The broken arm had become a hidden blessing, said Gail Fahy, a close friend of Edwards' who runs the language program at Palo Verde. Edwards used the leave to take a trip East to visit family and friends, including some she hadn't seen in years, Fahy said. Edwards was on a flight to Los Angeles with two of those friends, Bud and Dee Flagg of Virginia.

"In a way, she got to say goodbye," Fahy said.

Fahy can see the positive side of the situation, but for some students, there is no positive. Some said the pain of losing Edwards was intensified by her violent death.

"It scared me to imagine her sitting in her seat, crying and saying, 'Why is this happening?' " Dockery said. "I hate seeing the video of the Pentagon on fire, knowing that was her plane."

Alexis Riback, also a senior, said it was several months before she was able to to focus on the possibility of a more peaceful end.

"She traveling with her friends, so I hope they were talking to each other and laughing and they never even knew," Riback said.

There are happier memories for the students to dwell on: Edwards dressed as a package of McDonald's french fries for Halloween, complete with the real thing sprinkled in her white-blond hair; after-school meetings of the International Club, which she sponsored; her laughing attempts to teach the Spanish students basic phrases in German.

Palo Verde junior Sonja Johansen remembers her first encounter with Edwards -- a first-year French class in 1999.

"I went home and told my mother I had an angel for a teacher," Johansen said. "I saw her blond hair and blue eyes and her smile, and I knew she was someone incredibly special."

Edwards didn't just teach languages, she taught her students about the importance of being decent and kind, Johansen said.

Dockery agreed, noting that she has tried to widen her own circle of friends and get to know classmates she might otherwise have walked past in the hallways.

"You have to value your family and friends today and take every opportunity to know new people," Dockery said. "You can't look at people and prejudge them, or think you already know them. Mrs. Edwards was friends with everybody."

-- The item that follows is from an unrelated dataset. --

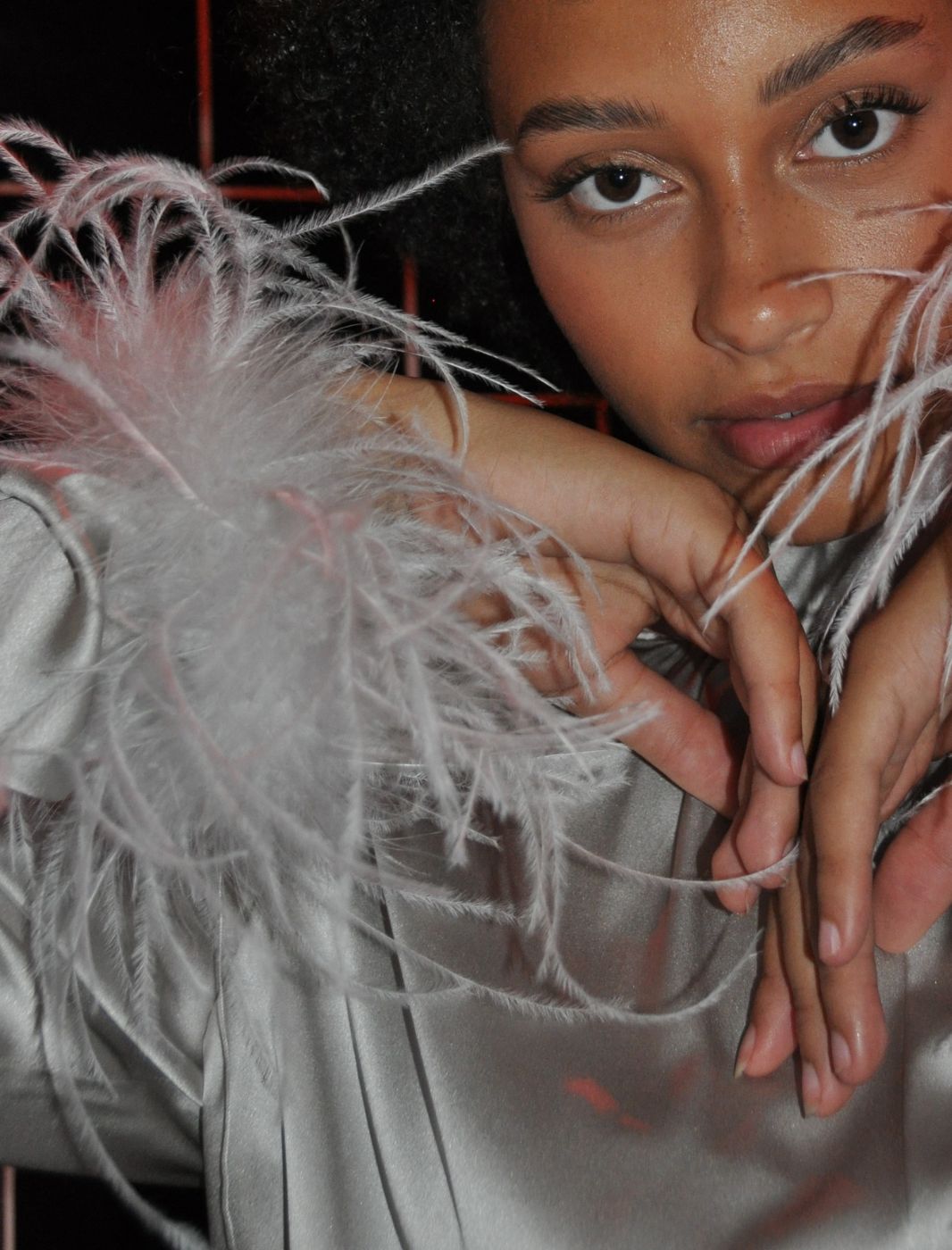 Chic and incredibly comfortable, our stretch lambskin leggings are the embodiment of the House's savoir-faire, suitable for all body shapes and shaping the silhouette. Paired with our sublime TEISSA silk top, it creates a refined, feminine look. Embellished with a removable ostrich feather trim at the cuffs, this sophisticated silk blouse will add a touch of originality to your party outfit.

Soon Palo Verde students will have a place to go to remember Edwards -- a bench is being built in her memory at the school's soccer field, on the spot she always stood to cheer on the home team. There is also a college scholarship in her name that school officials say they hope to continue for at least 15 years.

Edwards would have been proud to know about the scholarship, her stepfather, Jack van der Baan, said.

Edwards' mother, Lissy van der Baan, cannot yet talk publicly about her daughter, he said. But the family has taken tremendous comfort from Las Vegas' response and from Edwards' friends around the nation and the world, van der Baan said.

Edwards is also survived by three sons -- Mike, Doug and Scott -- and two grandchildren.

"There has been such an outpouring of love," van der Baan said from his home in Hopkins, Mich. "It made us realize that she accomplished a lot in her short life, and that makes us feel better."

The family is slowly moving toward acceptance, although the process has been hampered by the public nature of the tragedy, van der Baan said.

"We know our daughter is in a better place and someday we'll be with her again," he said. "Her boys are doing fairly well, given the circumstances, but this first anniversary is a very hard time for us."